== Segment start ==

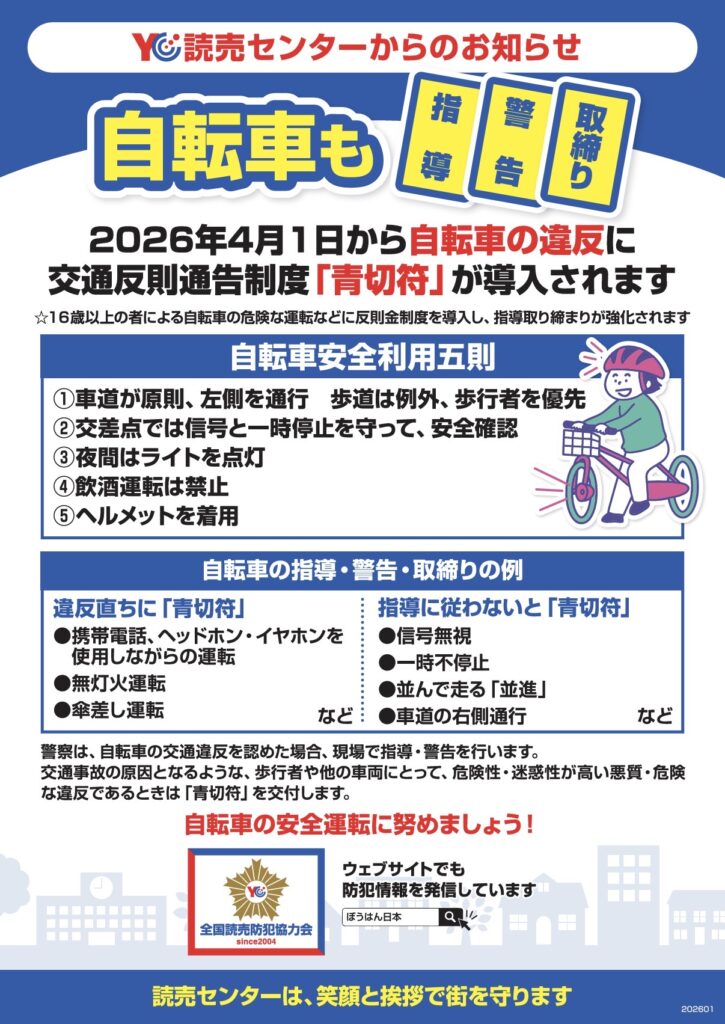 2026年4月1日から自転車の違反に【青切符】
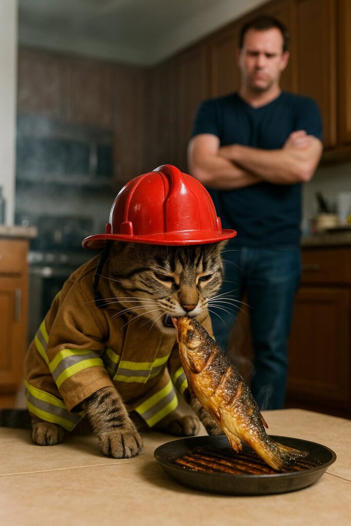 A horizontal, realistic photo-style image. In a modern American kitchen, a tabby cat with black stripes, dressed in a red firefighter helmet and tan jacket, is sitting on the floor, eagerly devouring a steaming grilled fish. The cat looks completely focused on the food. Behind the cat, a human with light skin stands with arms crossed, staring at the cat with a frustrated expression. The kitchen is slightly messy, with no smoke in the air.
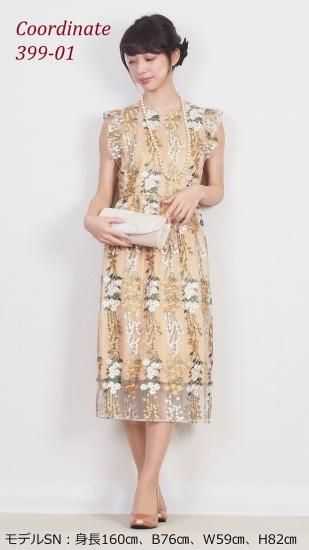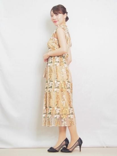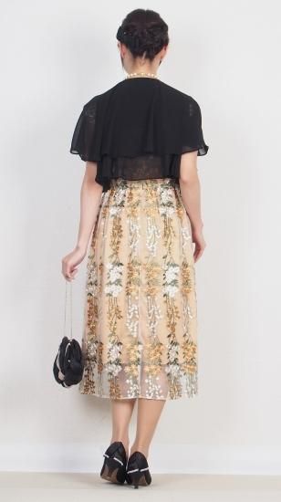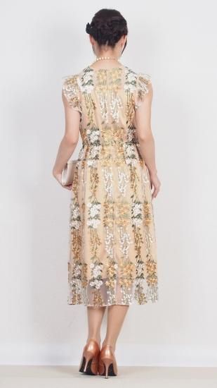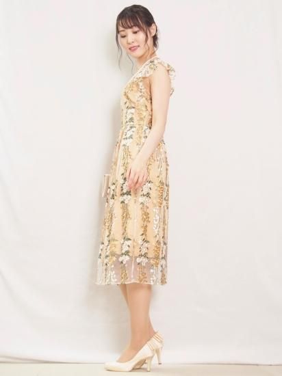 チュールレースに刺繍を施した、総レースのミディ丈のドレス。
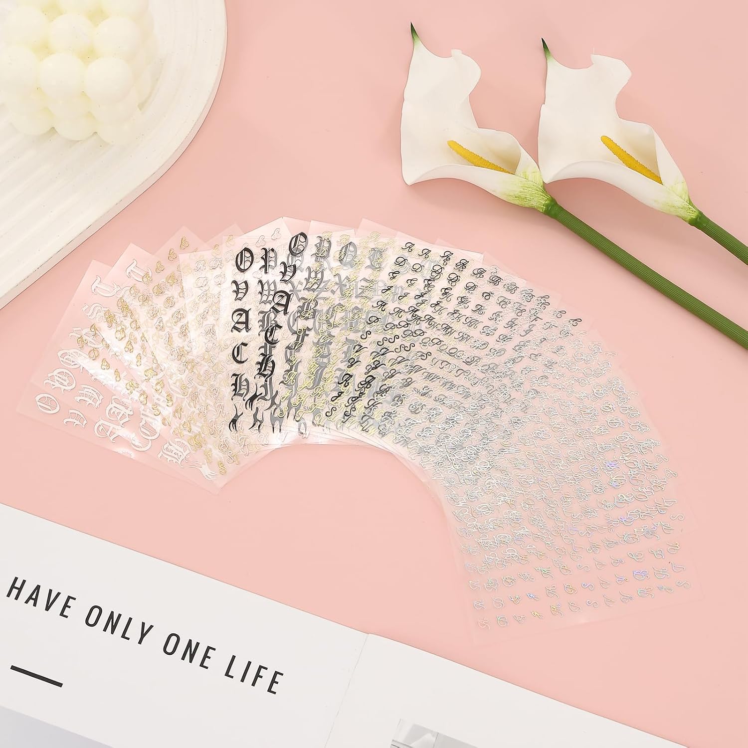 - Easy Application: Our gold nail stickers are self-adhesive, eliminating the need for glue. Using a pair of tweezers, you can easily pick up and place the small letter stickers onto your nails.For extended wear, seal the stickers for nails with a top coat to help your nail art stay in place and maintain its vibrant look.

== Segment end ==

Task instructions: Only an exact copy of the lines from the one with "A horizontal, realistic" through the last line of the data above is wanted, and no pictures.

Exercise solution:
 A horizontal, realistic photo-style image. In a modern American kitchen, a tabby cat with black stripes, dressed in a red firefighter helmet and tan jacket, is sitting on the floor, eagerly devouring a steaming grilled fish. The cat looks completely focused on the food. Behind the cat, a human with light skin stands with arms crossed, staring at the cat with a frustrated expression. The kitchen is slightly messy, with no smoke in the air.
 チュールレースに刺繍を施した、総レースのミディ丈のドレス。
 - Easy Application: Our gold nail stickers are self-adhesive, eliminating the need for glue. Using a pair of tweezers, you can easily pick up and place the small letter stickers onto your nails.For extended wear, seal the stickers for nails with a top coat to help your nail art stay in place and maintain its vibrant look.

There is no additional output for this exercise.